Material shown section start

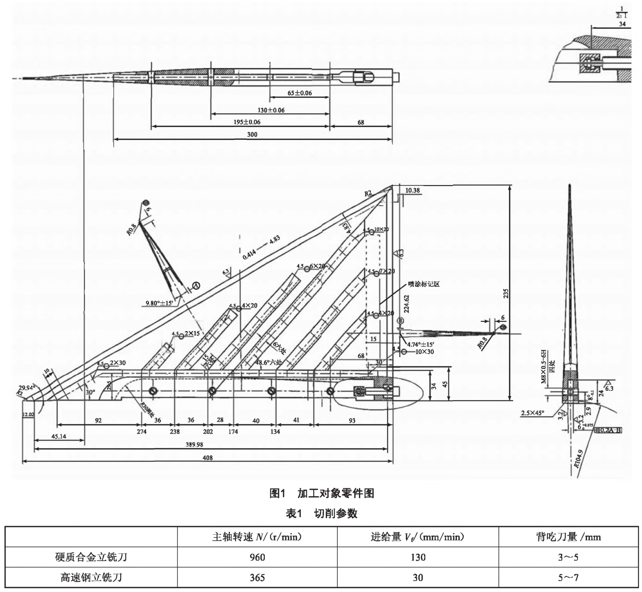 鈦合金結構件翼面裝配弧面及定位槽的銑削加工成型零件圖如圖1所示,加工材料為TC4鈦合金;谠摻Y構件的復雜形狀以及鈦合金材料不佳的切削性能,對夾具系統做出了改進。在本文的工藝優化措施下,切削質量顯著提高,且加工效率有效提升。
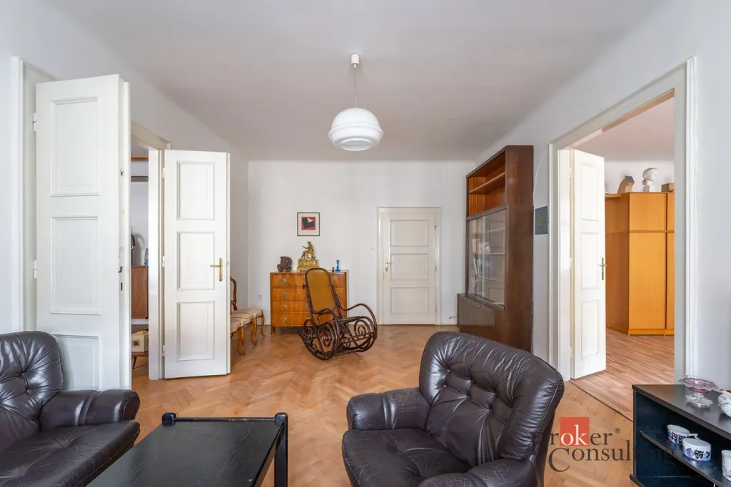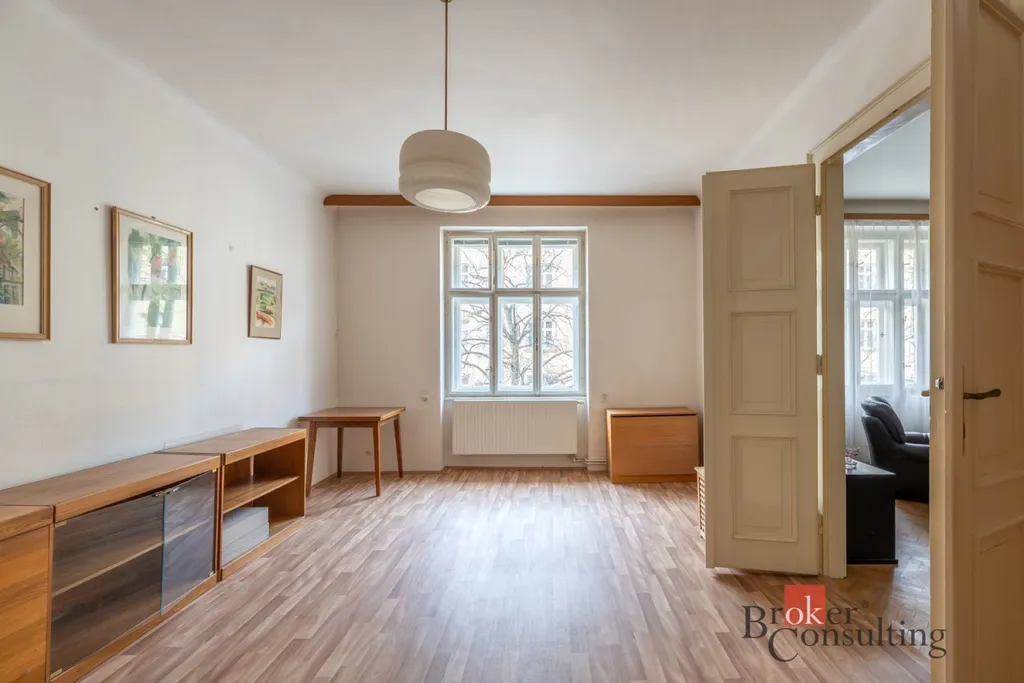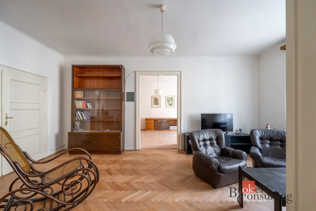Byt si zachoval svůj původní charakter – kazetová okna, krásné parkety a velkorysé 3 metrové stropy. Je udržovaný a ihned připravený k nastěhování.
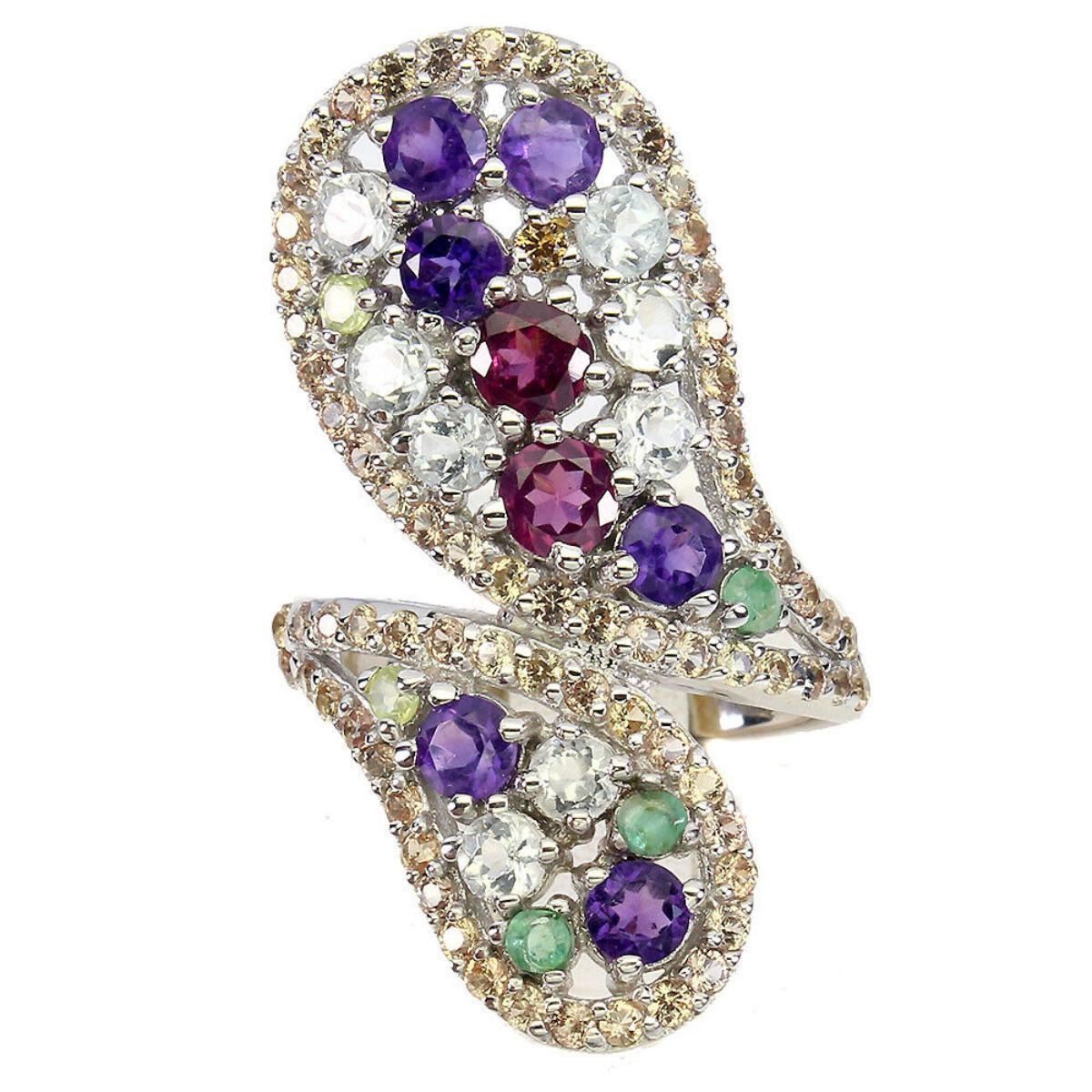 925 STERLING SILVER;PLATE-14K WHITE GOLD;RING SIZE-7.5(RESIZABLE);MAIN STONE-RHODOLITE GARNET;OTHER GEMS-AMETHYST, AQUAMARINE, EMERALD, SAPPHIRE;TOTAL WEIGHT-6.11 GRAM (TOTAL WEIGHT OF SILVER + STONE);DIMENSION-* STONE 1.5 TO 4.0 MM. * RING SIZE 7.5 * FACE RING 35.0 X 20.0 MM.;MAIN STONE SHAPE-ROUND ;MAIN STONE COLOR-PINK RASPBERRY;CLARITY/GRADE-IF TO VVS;TREATMENT-UNHEATED;ORIGIN-AFRICA;HARDNESS-7.0 - 7.5;
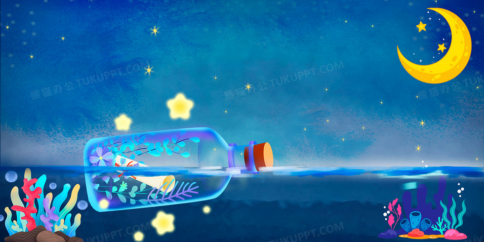 本作品内容为蓝色海洋漂流瓶梦幻背景, 格式为 psd, 大小147 MB, 图片尺寸为4725 x 2362, 作品中背景图片无需修改, 源文件无水印,可以直接使用, 欢迎使用熊猫办公。 如认为平台内容涉嫌侵权,可通过邮件:tousu@tukuppt.com提出书面通知,我们将及时处理。
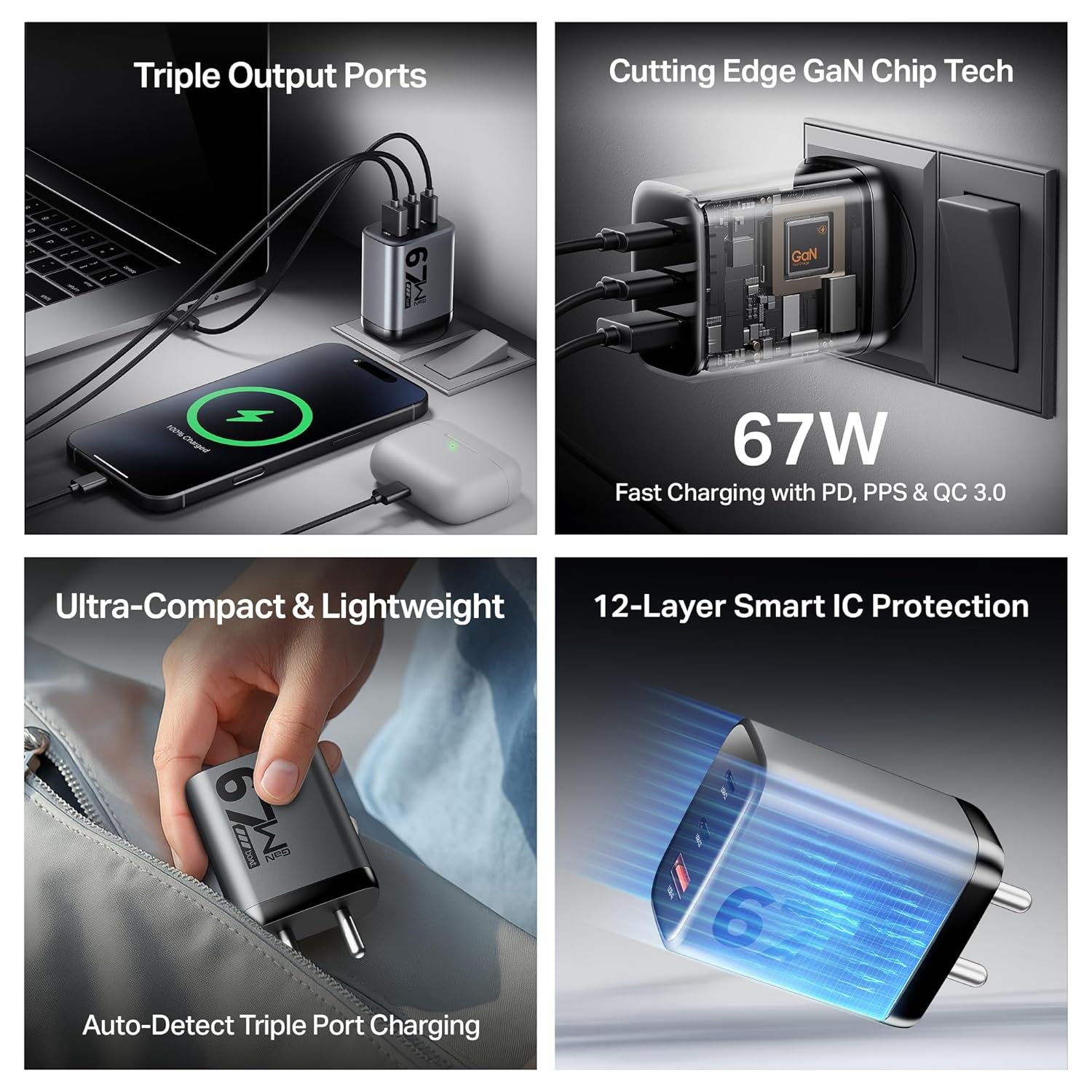 3 Output Ports & Auto-Detect Technology: Need to charge multiple devices? With USB-A (30W QC 3.0) and dual Type-C ports (67W PD, PPS), this charger delivers 45W + 7.5W + 7.5W (Max) across 3 smart output ports.
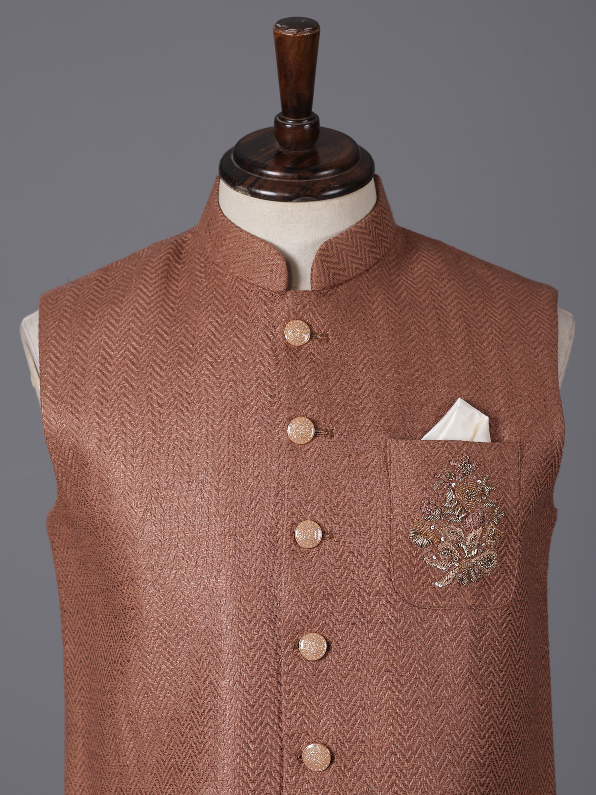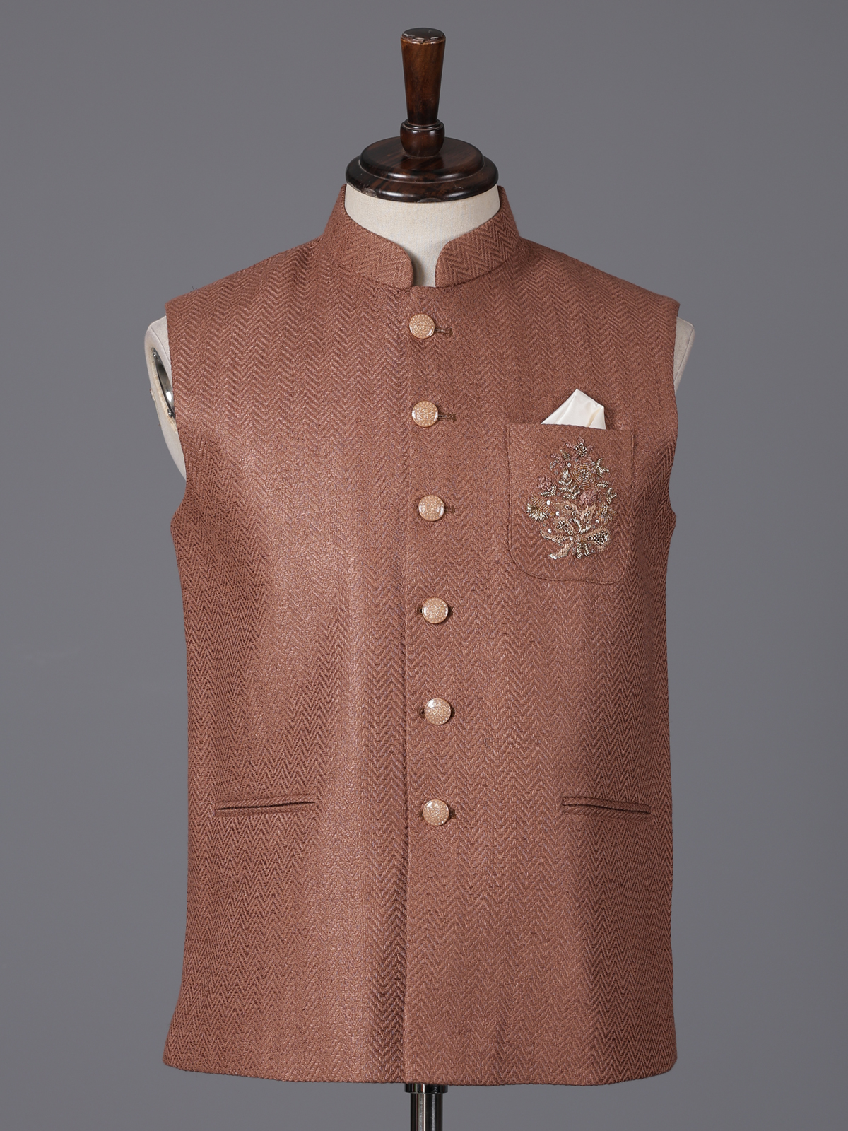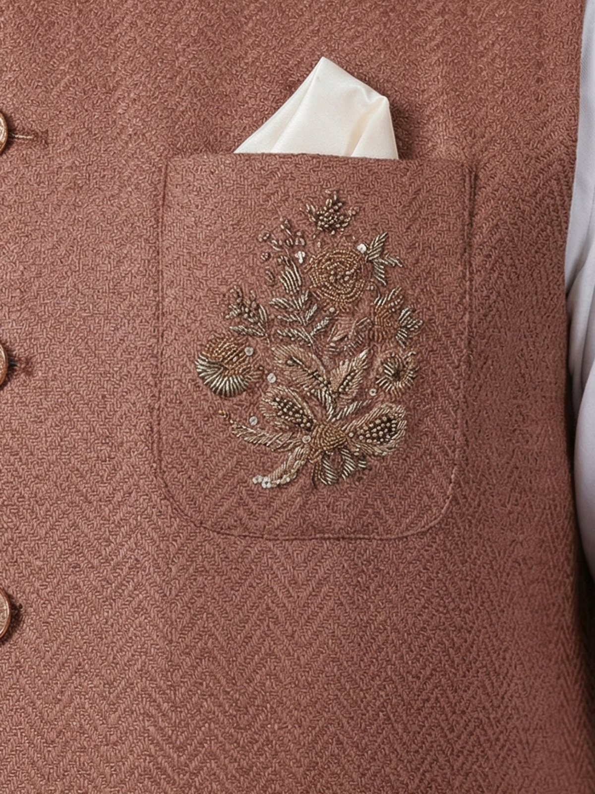 Warm light brown tones highlight the understated charm of this cotton waistcoat designed with a subtle textured finish. Adorned with thread, sequins, beads and zardosi detailing on the pocket. It reflects refined artistry. The structured silhouette ensures a polished look. Perfect for weddings, receptions and festive gatherings. This waistcoat blends elegance with timeless ethnic style.
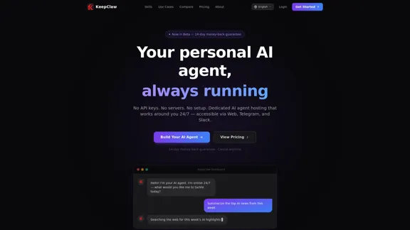 24時間いつでもあなたのパーソナルAIエージェントを簡単に利用できます。APIキーやサーバーのことは忘れて、タスクを自動化し、コンテンツを要約し、Web、Telegram、Slackを通じて簡単に接続しましょう。
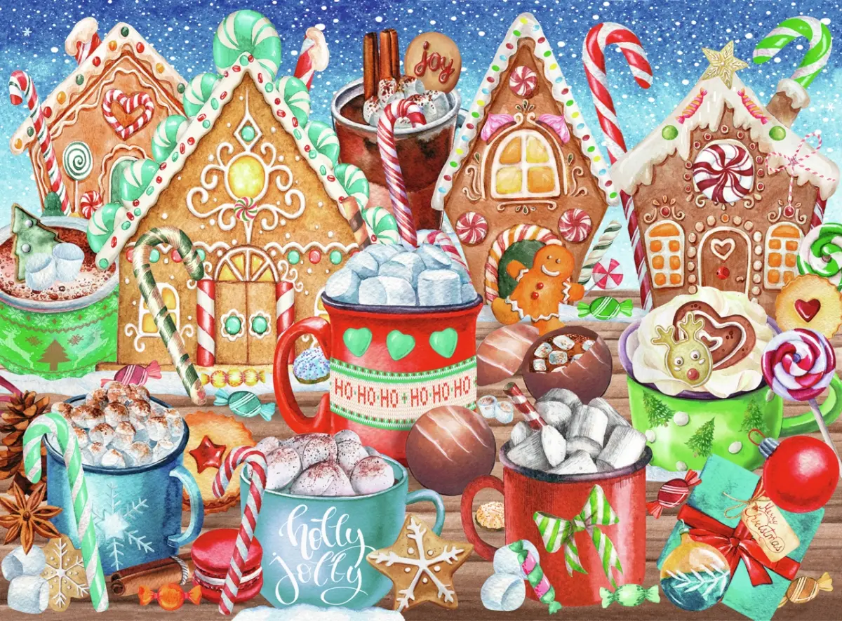Ett riktigt sött motiv (i ordets båda betydelser) med pepparkakor, pepparkakshus, varm choklad med marshmallows och massor av godis. Happy holidays!

Material shown section end

§ **What the task asks**:
Output every record above exactly, leaving out the pictures.

§ **Answer below**:
 鈦合金結構件翼面裝配弧面及定位槽的銑削加工成型零件圖如圖1所示,加工材料為TC4鈦合金;谠摻Y構件的復雜形狀以及鈦合金材料不佳的切削性能,對夾具系統做出了改進。在本文的工藝優化措施下,切削質量顯著提高,且加工效率有效提升。
Byt si zachoval svůj původní charakter – kazetová okna, krásné parkety a velkorysé 3 metrové stropy. Je udržovaný a ihned připravený k nastěhování.
 925 STERLING SILVER;PLATE-14K WHITE GOLD;RING SIZE-7.5(RESIZABLE);MAIN STONE-RHODOLITE GARNET;OTHER GEMS-AMETHYST, AQUAMARINE, EMERALD, SAPPHIRE;TOTAL WEIGHT-6.11 GRAM (TOTAL WEIGHT OF SILVER + STONE);DIMENSION-* STONE 1.5 TO 4.0 MM. * RING SIZE 7.5 * FACE RING 35.0 X 20.0 MM.;MAIN STONE SHAPE-ROUND ;MAIN STONE COLOR-PINK RASPBERRY;CLARITY/GRADE-IF TO VVS;TREATMENT-UNHEATED;ORIGIN-AFRICA;HARDNESS-7.0 - 7.5;
 本作品内容为蓝色海洋漂流瓶梦幻背景, 格式为 psd, 大小147 MB, 图片尺寸为4725 x 2362, 作品中背景图片无需修改, 源文件无水印,可以直接使用, 欢迎使用熊猫办公。 如认为平台内容涉嫌侵权,可通过邮件:tousu@tukuppt.com提出书面通知,我们将及时处理。
 3 Output Ports & Auto-Detect Technology: Need to charge multiple devices? With USB-A (30W QC 3.0) and dual Type-C ports (67W PD, PPS), this charger delivers 45W + 7.5W + 7.5W (Max) across 3 smart output ports.
 Warm light brown tones highlight the understated charm of this cotton waistcoat designed with a subtle textured finish. Adorned with thread, sequins, beads and zardosi detailing on the pocket. It reflects refined artistry. The structured silhouette ensures a polished look. Perfect for weddings, receptions and festive gatherings. This waistcoat blends elegance with timeless ethnic style.
 24時間いつでもあなたのパーソナルAIエージェントを簡単に利用できます。APIキーやサーバーのことは忘れて、タスクを自動化し、コンテンツを要約し、Web、Telegram、Slackを通じて簡単に接続しましょう。
Ett riktigt sött motiv (i ordets båda betydelser) med pepparkakor, pepparkakshus, varm choklad med marshmallows och massor av godis. Happy holidays!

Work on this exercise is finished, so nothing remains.